VA End-of-Life Care Push Increases Hospice Use Among Veterans

By Brenda L. Mooney

Chief Master Sgt. Jessica Bender thanked Air Force veteran Ed Redmond, a former crew chief, for his service at the Hunter Homes McQuire VA Palliative Care unit in 2015. VA photo by Steve Goetsch

PROVIDENCE, RI — An intense effort by the VA to improve end-of-life care is paying off, with hospice use increasing more among veterans than nonveterans.

A new report found that hospice use for nonveteran Medicare beneficiaries rose 5.6% between the pre-initiative period—fiscal years 2007 and 2008—and the post-initiative period—fiscal years 2010 to 2014.

At the same time, however, the increase was 7.6% among veterans who only used VA care, 6.9% among those who were dually enrolled in Medicare but used VA care, 7.6% among veterans who received healthcare from both VA and Medicare and 7.9% among dually enrolled veterans who used Medicare.

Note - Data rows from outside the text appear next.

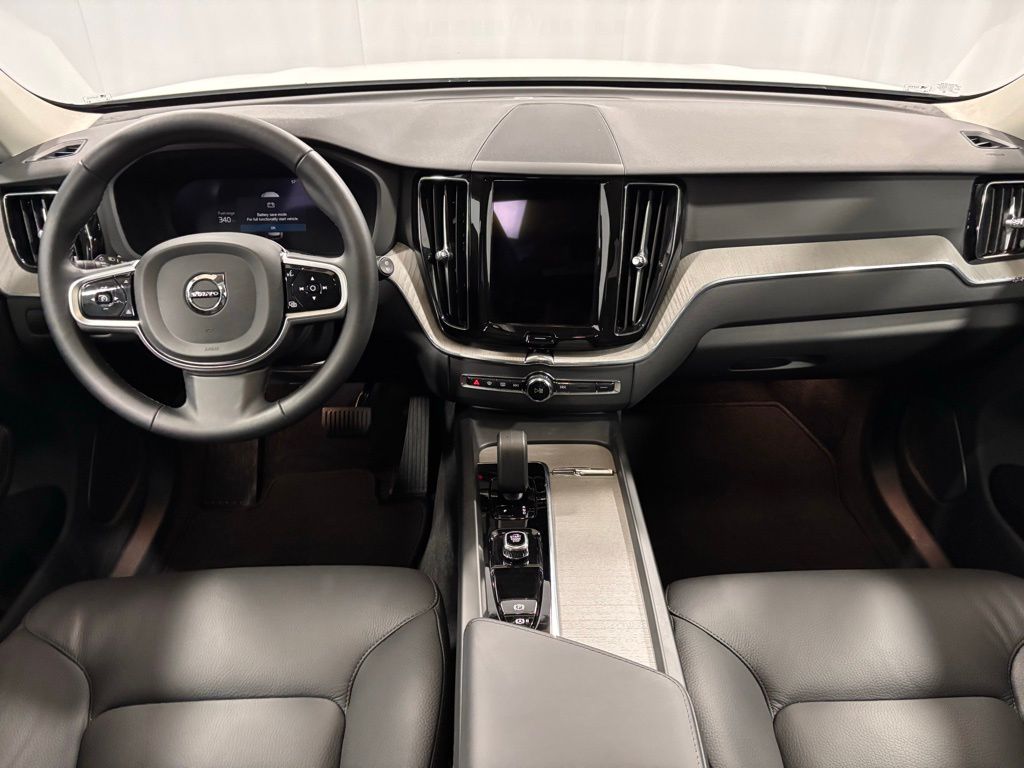 Certified by Volvo 2025 Volvo XC60 B5 Plus SUV. This luxury SUV features a quiet and comfortable interior with seating for five, a mild hybrid powertrain, and a full suite of advanced safety and convenience features. The vehicle is finished in Crystal White with a Charcoal interior and offers excellent fuel economy for its class.
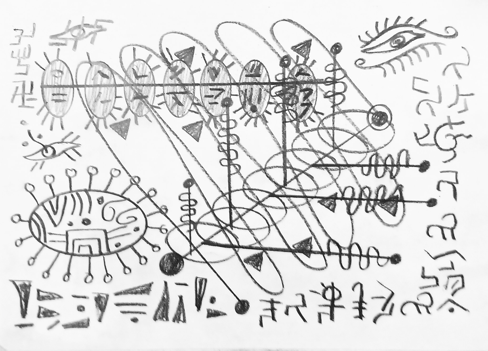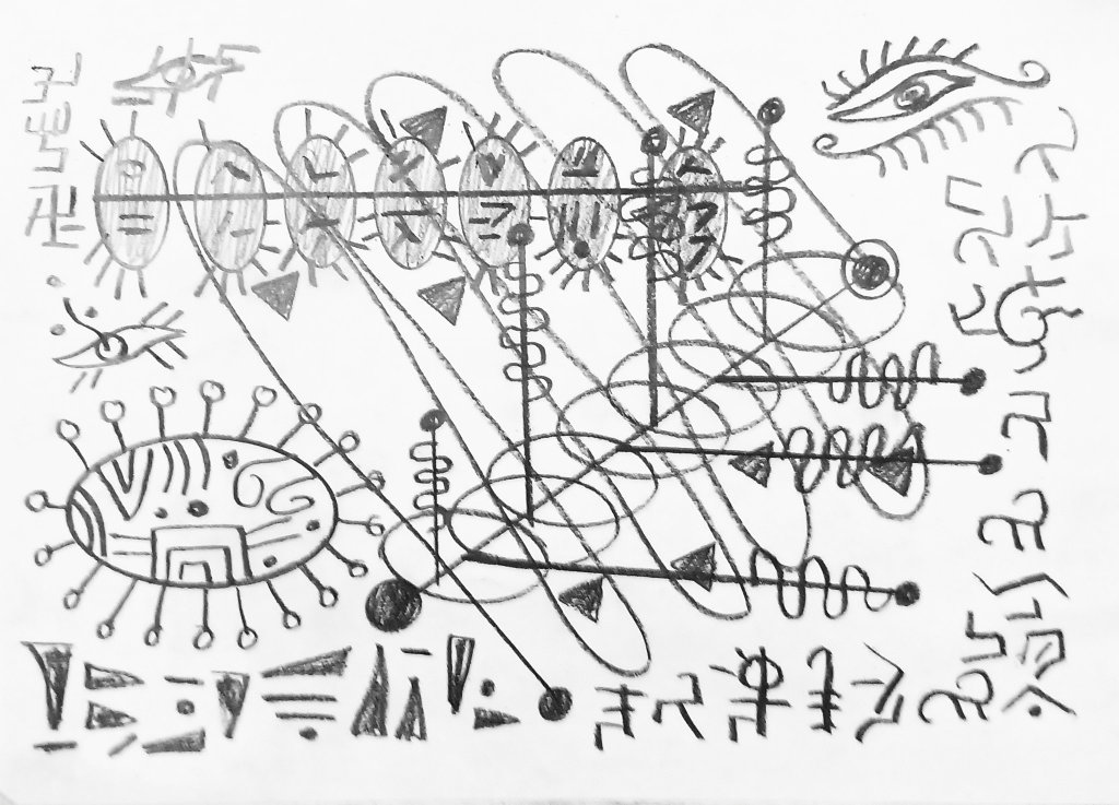 Below you will find pictographs by Gabriel Medina (Big bang quasares andromeda dimencional)
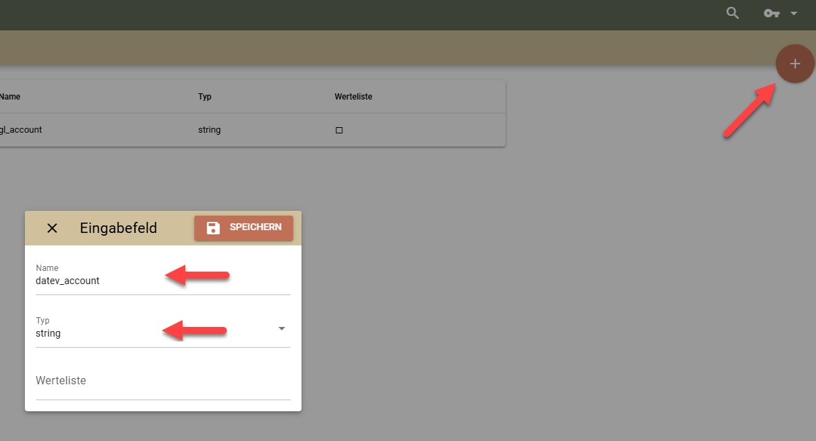 - Navigieren Sie zum Menü Einstellungen -> Alle Einstellungen -> Benutzerdefinierte Eingabefelder für Leistung -> und überprüfen Sie, ob bereits ein Feld mit dem Namen datev_account vorhanden ist. Wenn nicht, erstellen Sie bitte eines mit Name: datev_account und Art: Zeichenfolge
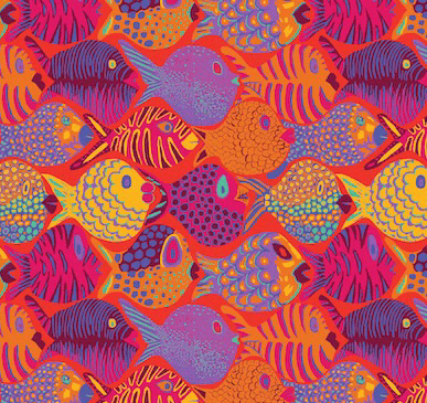 This fun pattern fabric of fish includes the colours shades of orange, red, yellow, blue and purple.
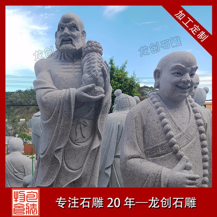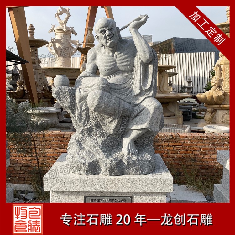 佛教寺廟石雕十八羅漢雕塑一般采用天然石材加工制作而成,有花崗巖(芝麻白、芝麻黑、芝麻灰、蝦紅)、青石等,有的則會用漢白玉石材制作。用于室外擺放石雕十八羅漢像通常建議用花崗巖石材雕刻,按順序擺放在兩側。漢傳佛教的石雕十八羅漢隨著雕塑文化的發展,造型有立像、坐像、坐立結合的三種雕刻方式。從雕刻工藝上區分有浮雕、圓雕、透雕、線雕等,只要質量做工好,不論采用何種形式,都可以按照寺院的需求,很好的將十八羅漢文化表達出來。

The recent study in the journal Health Affairs found that a VA program, the four-year Comprehensive End-of-Life Care (CELC) initiative beginning in 2009,  successfully led to more hospice use among military veterans and at a higher growth rate than Medicare.1

As part of the initiative, the VA funded new inpatient hospice units, palliative care staff and palliative care training, while promoting mentoring for leaders and staff, a systematic quality monitoring program, and outreach to community providers outside VAMCs through the “We Honor Veterans” campaign.

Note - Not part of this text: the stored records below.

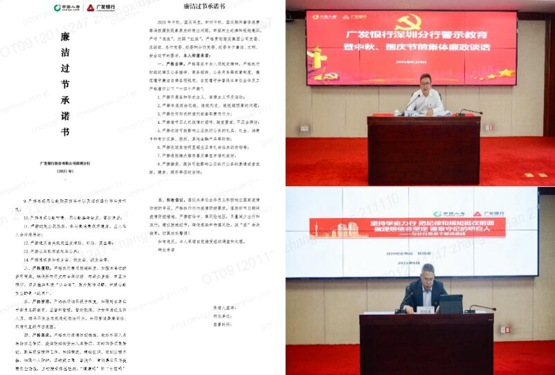 廣發(fā)銀行深圳分行開展中秋、國慶節(jié)前集體廉政談話暨警示教育
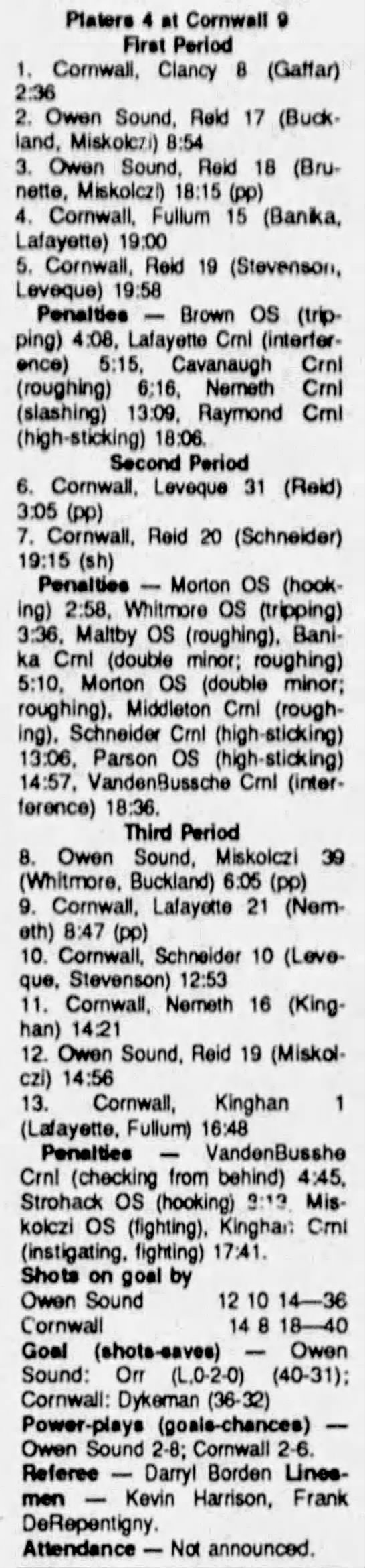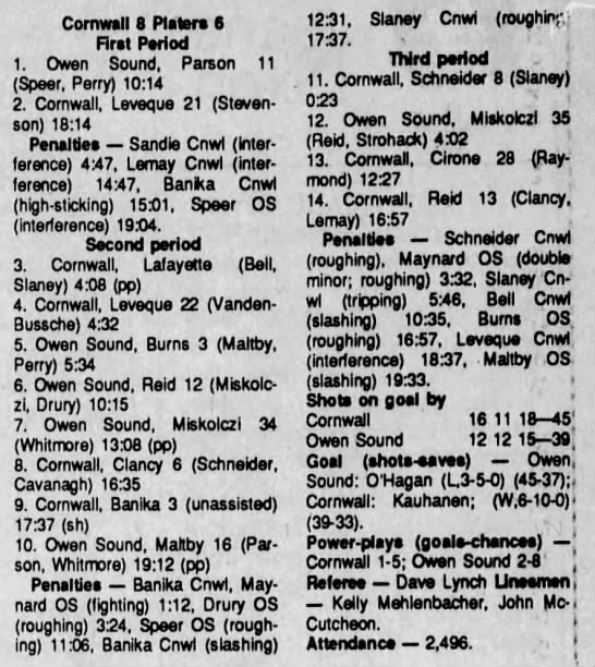 January 5 1991- Cornwall @ Owen Sound
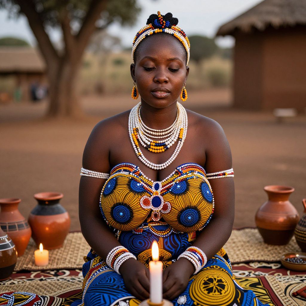 Photograph of a dark-skinned African woman with a serene expression, seated outdoors on a woven mat. She wears an elaborate, colorful beaded dress with blue, yellow, and orange patterns, and multiple white beaded necklaces and armlets. Her hair is adorned with black beads. In front of her are lit candles and several clay pots. The background shows a blurry, rural setting with a tree and a thatched hut. The image has vibrant colors and a rich cultural texture.

Researchers from Brown University and the VA, including the Geriatrics and Extended Care Data Analysis Center, evaluated the effort at the agency’s request. They analyzed the trend in hospice use among more than a million male veterans age 65 and older between 2007 and 2014, and compared that rate of growth to demographically similar Medicare beneficiaries not enrolled in VA care.